In the way that obsessive fans (or academics, as the case may be) compartmentalize heavy metal bands into a confusing web of sub-genres (blackened thrash, funeral doom, death ’n’ roll, um, pornogrind), I think dive bars deserve a similar taxonomic approach. The conclave required to establish the qualifications would probably be interesting, as even a logistic point as basic as “What beer is too fancy for the Dive Bar Conclave?” would probably cause vociferous dissent. There would be publicists insisting that their clients’ new concept, Dive Bar + Kitchen, counts,  mixed in with rebuttals from bar owners who don’t see anything divey about ancient foam acoustic tiles and wood veneers. For my purposes, I tend to divide dives into “Dives where you might be able to buy drugs and then get stabbed later” and “Dives where you bring your parents.”

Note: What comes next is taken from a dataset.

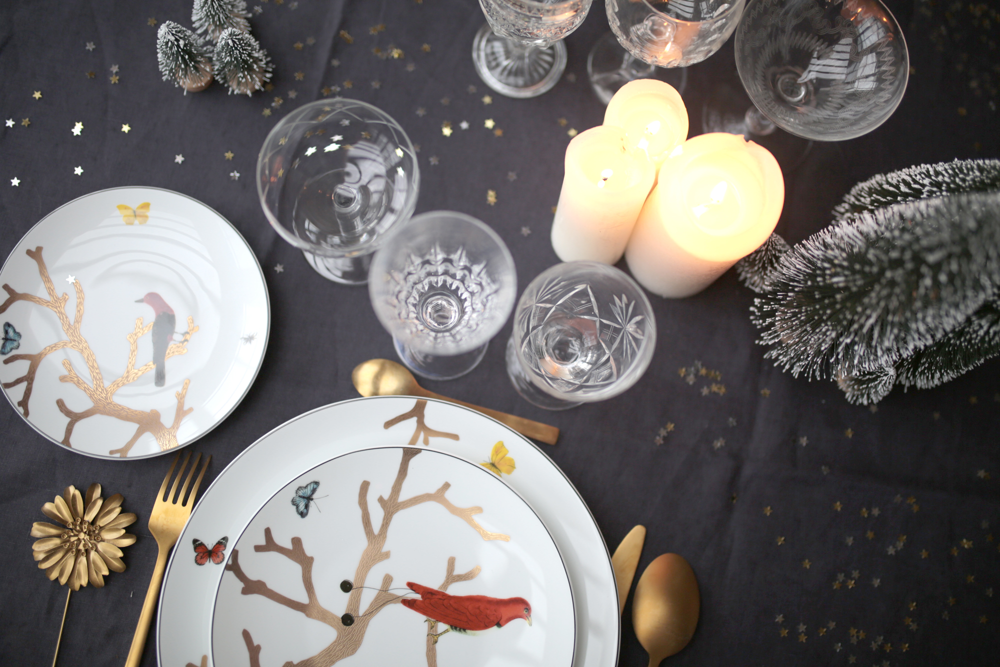 Assiettes : Bernardaud, collection Aux Oiseaux.
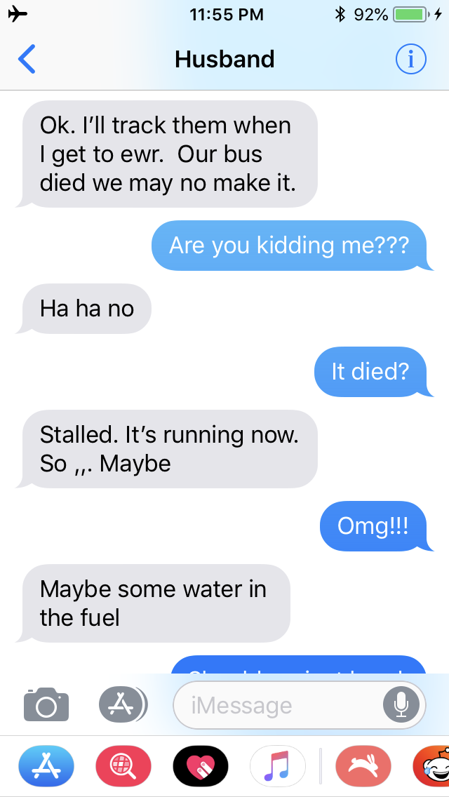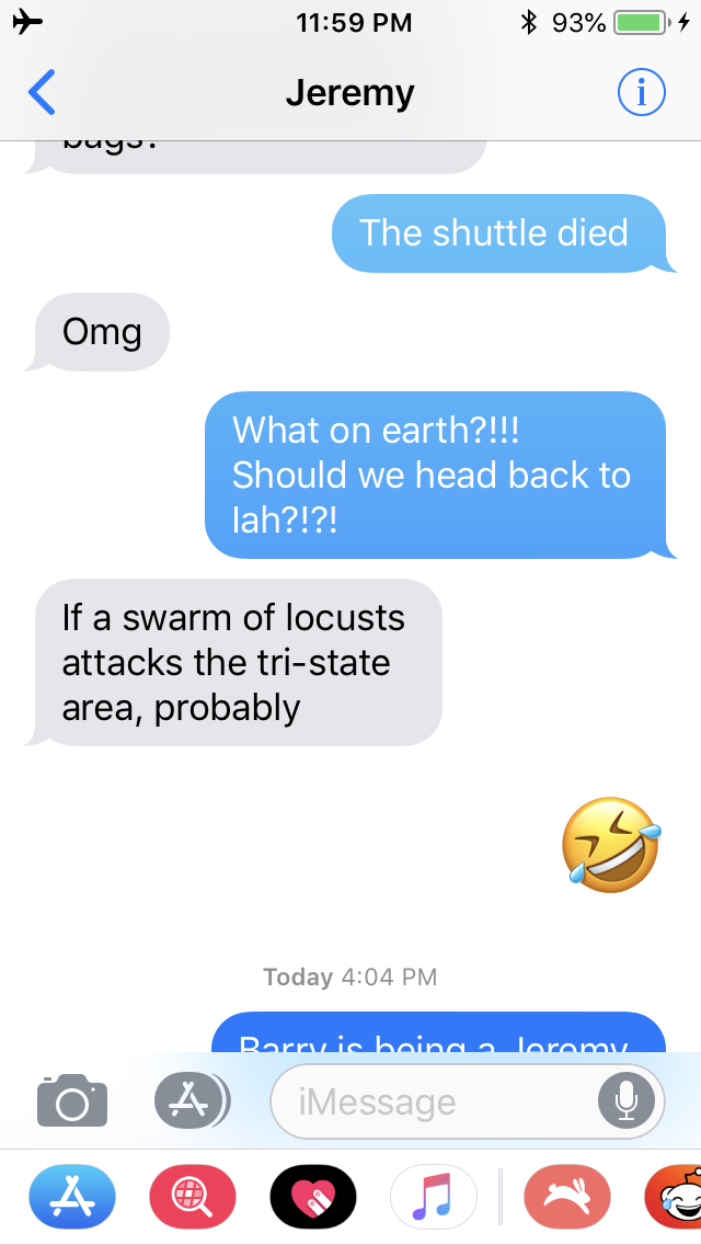 Now, I’m in the air, Barry is on a shuttle and the luggage is in transit… then I receive a txt from my dear husband informing me he may not make it because the shuttle died! Seriously? How can this be?

The Happy Armadillo on Everman Parkway (happily) fits into the latter, especially if your parents are into playing those 8-line video games that are peculiarly exclusive to old, divey bars and backwater gas stations — The Happy Armadillo has several of these, plus a couple of pool tables and electronic dartboards. And while the dark brick walls and low lighting make for the kind of moody atmosphere I love, the light during the day spilling in from the shaded windows was positively cheery.

As I sat at the bar, a dude about my age with, evidently, his sixtysomething mom and dad sat at the 8-liners, filling them with dollars and commenting on the bar’s ambient music. At the time, Radiohead’s mopey “Creep” blared from the sound system. The unedited version. The mom murmured to herself about the uncut F-word in the chorus.


“It’s not regular radio, Mom,” her son whinnied. “It’s XM. It’s satellite.”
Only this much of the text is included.